Oncology & Hematology Coding Alert

You Be the Coder:

V Codes Feature in Palliative Case

Question: Which CPT®, ICD-9, and HCPCS codes should I use for a 100.2 mg doxorubicin IV push for a patient receiving palliative chemotherapy for advanced adrenal cortical cancer? The patient did not respond to mitotane.

Minnesota Subscriber

Answer: Your diagnosis codes should include the following:

  • V58.11, Encounter for antineoplastic chemotherapy
  • 194.0, Malignant neoplasm of adrenal gland
  • V66.7, Encounter for palliative care.

Remember that the point of palliative treatment is to relieve the symptoms of the disease, improving quality of life, rather than curing the illness. If the physician documents the symptom/issue the palliative treatment is intended to relieve, consider reporting a code for that condition as well to help support medical necessity. (This also can be an important factor in facility settings and could affect reimbursement in some cases.)

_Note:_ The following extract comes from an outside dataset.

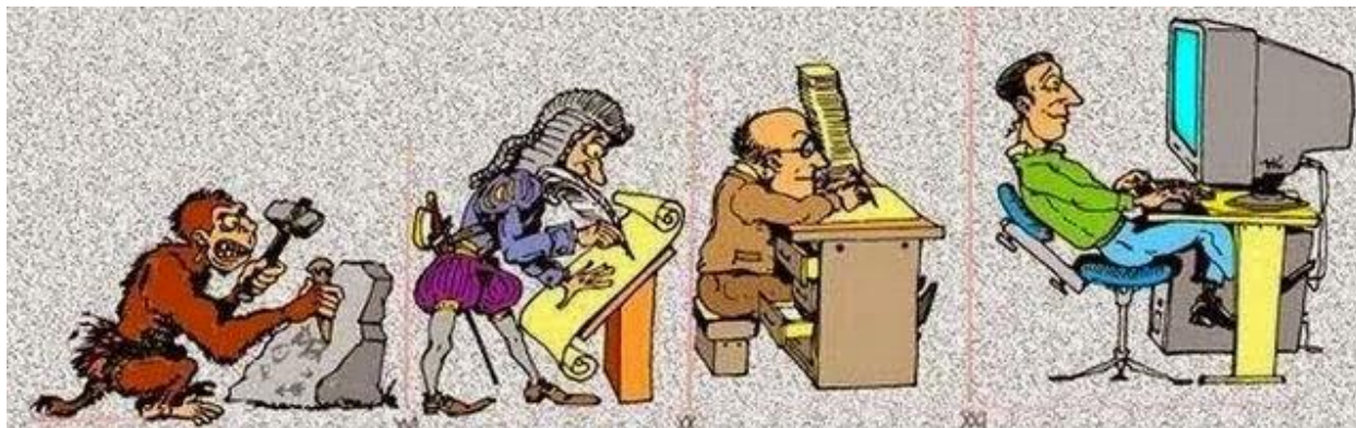
Imagen 7. Los cambios en la cultura

To report the administration of doxorubicin, assign 96409 (Chemotherapy administration; intravenous, push technique, single or initial substance/drug). This code applies because doxorubicin is a chemotherapy drug, and you specify the drug was given as an intravenous push.

Report the drug using J9000 (Injection, doxorubicin hydrochloride, 10 mg). Claim 11 units to represent the 100.2 mg administered. (Remember that there is a separate code for lipid formulations: J9001, Injection, doxorubicin hydrochloride, all lipid formulations, 10 mg.)

Tip: Be sure to watch for reportable administration of pre-meds, as well, such as anti-emetics.